Goal of the exercise:
Would you print exactly the lines that begin the listing and continue through the line holding "Pensando nisso, a"? No pictures, please.

Information shown:
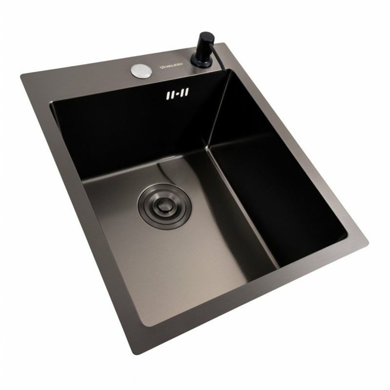 Опис Кухонна мийка Valeso PVD чорна 40x50 (сифон крулій 3,0/0,8)
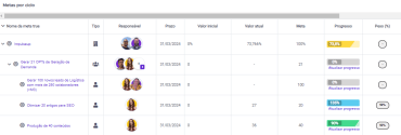 Pensando nisso, a impulse up criou o módulo de metas e OKRs para que você possa cadastrar seus indicadores e acompanhá-los de forma rotineira e com maior facilidade.
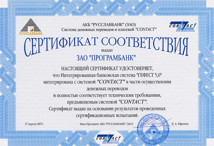| 27 апреля 2007 года компания «ПрограмБанк» в торжественной обстановке стала обладателем «СЕРТИФИКАТА СООТВЕТСТВИЯ» требованиям Системы Международных денежных переводов и платежей «CONTACT». Вручение сертификата прошло в рамках юбилейной 5-ой Международной конференции Системы «CONTACT» «Денежные переводы: тенденции и перспективы», которая прошла в московской Галерее искусств Зураба Церетели. В работе конференции приняли участие представители Правительства РФ, Совета Федерации и Государственной Думы, Банка России, Ассоциации Российских банков и Ассоциации региональных банков «Россия», а также более 300 представителей коммерческих банков и журналисты ведущих печатных изданий. |

Written reply:
 Опис Кухонна мийка Valeso PVD чорна 40x50 (сифон крулій 3,0/0,8)
 Pensando nisso, a impulse up criou o módulo de metas e OKRs para que você possa cadastrar seus indicadores e acompanhá-los de forma rotineira e com maior facilidade.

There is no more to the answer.